To do:
The records below are to be repeated exactly, minus any pictures.

Available data section start

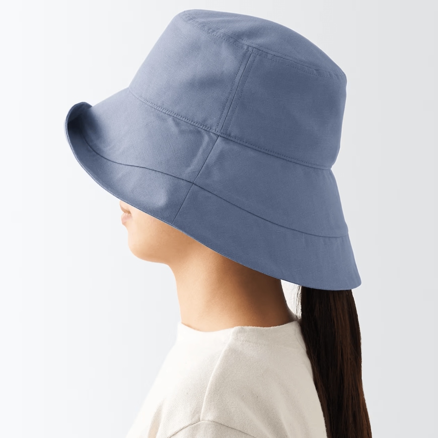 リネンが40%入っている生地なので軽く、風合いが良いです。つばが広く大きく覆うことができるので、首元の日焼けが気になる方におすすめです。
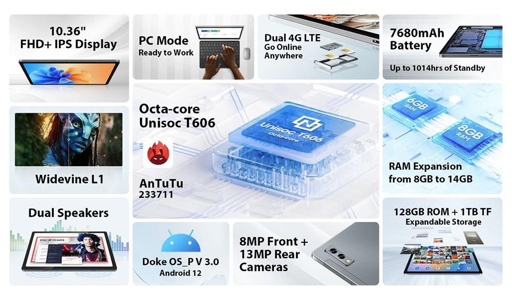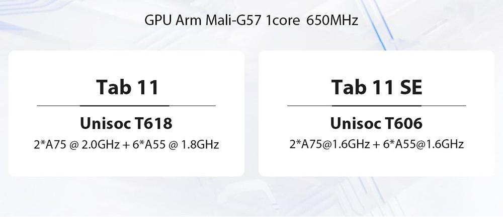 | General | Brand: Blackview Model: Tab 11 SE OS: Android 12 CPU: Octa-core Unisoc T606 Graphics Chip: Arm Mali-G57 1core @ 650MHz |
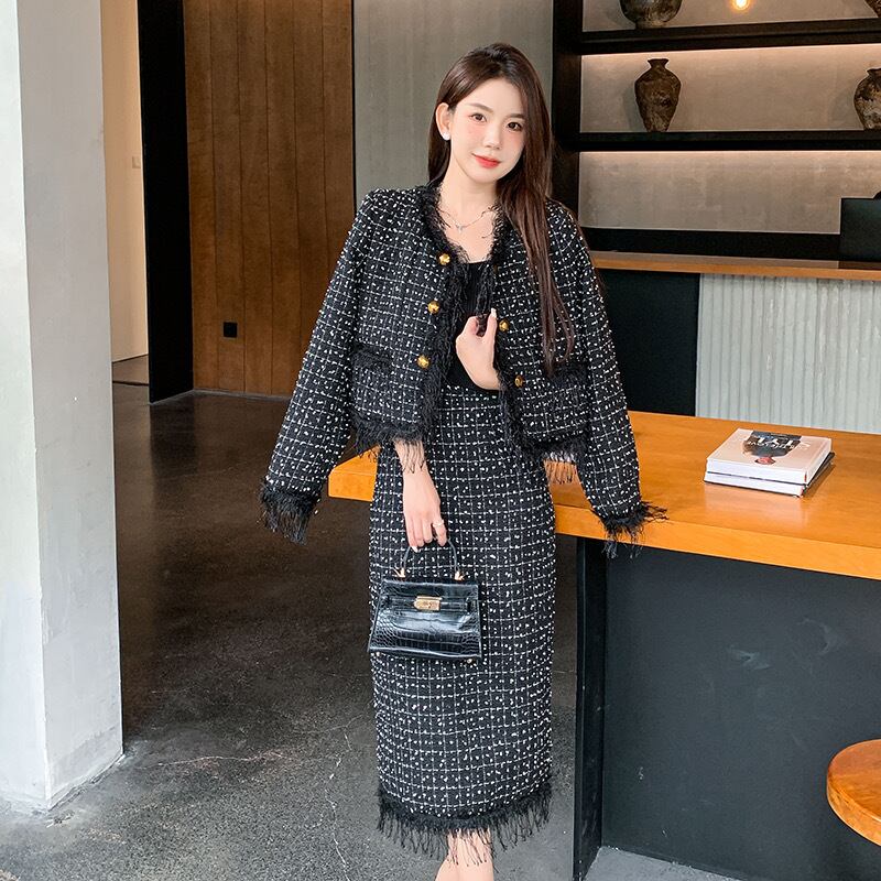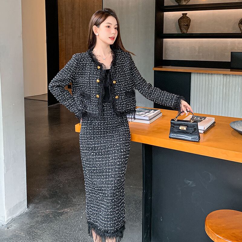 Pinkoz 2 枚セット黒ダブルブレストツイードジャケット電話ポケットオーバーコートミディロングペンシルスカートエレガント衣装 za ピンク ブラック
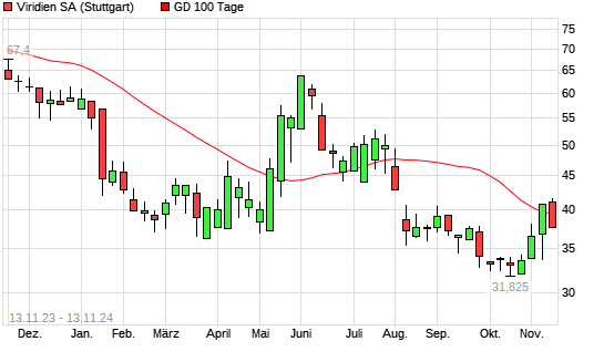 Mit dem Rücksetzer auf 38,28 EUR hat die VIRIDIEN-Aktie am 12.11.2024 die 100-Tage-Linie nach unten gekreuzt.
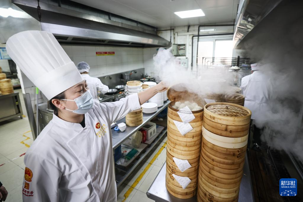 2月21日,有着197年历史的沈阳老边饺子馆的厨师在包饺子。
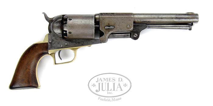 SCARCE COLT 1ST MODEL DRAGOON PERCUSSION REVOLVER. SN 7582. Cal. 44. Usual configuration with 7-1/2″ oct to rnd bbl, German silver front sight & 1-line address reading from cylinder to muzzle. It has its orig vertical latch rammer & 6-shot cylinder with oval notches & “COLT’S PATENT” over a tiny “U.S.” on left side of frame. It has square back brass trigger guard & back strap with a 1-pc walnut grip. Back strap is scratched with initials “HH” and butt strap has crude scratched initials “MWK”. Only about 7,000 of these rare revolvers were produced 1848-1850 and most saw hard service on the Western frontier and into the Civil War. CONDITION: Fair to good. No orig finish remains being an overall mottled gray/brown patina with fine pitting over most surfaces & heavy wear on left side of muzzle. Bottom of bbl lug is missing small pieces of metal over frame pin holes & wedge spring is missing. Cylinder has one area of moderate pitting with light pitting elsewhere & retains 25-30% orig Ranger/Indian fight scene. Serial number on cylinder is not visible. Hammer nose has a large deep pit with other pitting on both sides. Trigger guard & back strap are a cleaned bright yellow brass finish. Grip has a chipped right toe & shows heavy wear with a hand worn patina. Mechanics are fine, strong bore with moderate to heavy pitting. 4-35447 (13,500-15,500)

Available data section end

Expected answer:
 リネンが40%入っている生地なので軽く、風合いが良いです。つばが広く大きく覆うことができるので、首元の日焼けが気になる方におすすめです。
 | General | Brand: Blackview Model: Tab 11 SE OS: Android 12 CPU: Octa-core Unisoc T606 Graphics Chip: Arm Mali-G57 1core @ 650MHz |
 Pinkoz 2 枚セット黒ダブルブレストツイードジャケット電話ポケットオーバーコートミディロングペンシルスカートエレガント衣装 za ピンク ブラック
 Mit dem Rücksetzer auf 38,28 EUR hat die VIRIDIEN-Aktie am 12.11.2024 die 100-Tage-Linie nach unten gekreuzt.
 2月21日,有着197年历史的沈阳老边饺子馆的厨师在包饺子。
 SCARCE COLT 1ST MODEL DRAGOON PERCUSSION REVOLVER. SN 7582. Cal. 44. Usual configuration with 7-1/2″ oct to rnd bbl, German silver front sight & 1-line address reading from cylinder to muzzle. It has its orig vertical latch rammer & 6-shot cylinder with oval notches & “COLT’S PATENT” over a tiny “U.S.” on left side of frame. It has square back brass trigger guard & back strap with a 1-pc walnut grip. Back strap is scratched with initials “HH” and butt strap has crude scratched initials “MWK”. Only about 7,000 of these rare revolvers were produced 1848-1850 and most saw hard service on the Western frontier and into the Civil War. CONDITION: Fair to good. No orig finish remains being an overall mottled gray/brown patina with fine pitting over most surfaces & heavy wear on left side of muzzle. Bottom of bbl lug is missing small pieces of metal over frame pin holes & wedge spring is missing. Cylinder has one area of moderate pitting with light pitting elsewhere & retains 25-30% orig Ranger/Indian fight scene. Serial number on cylinder is not visible. Hammer nose has a large deep pit with other pitting on both sides. Trigger guard & back strap are a cleaned bright yellow brass finish. Grip has a chipped right toe & shows heavy wear with a hand worn patina. Mechanics are fine, strong bore with moderate to heavy pitting. 4-35447 (13,500-15,500)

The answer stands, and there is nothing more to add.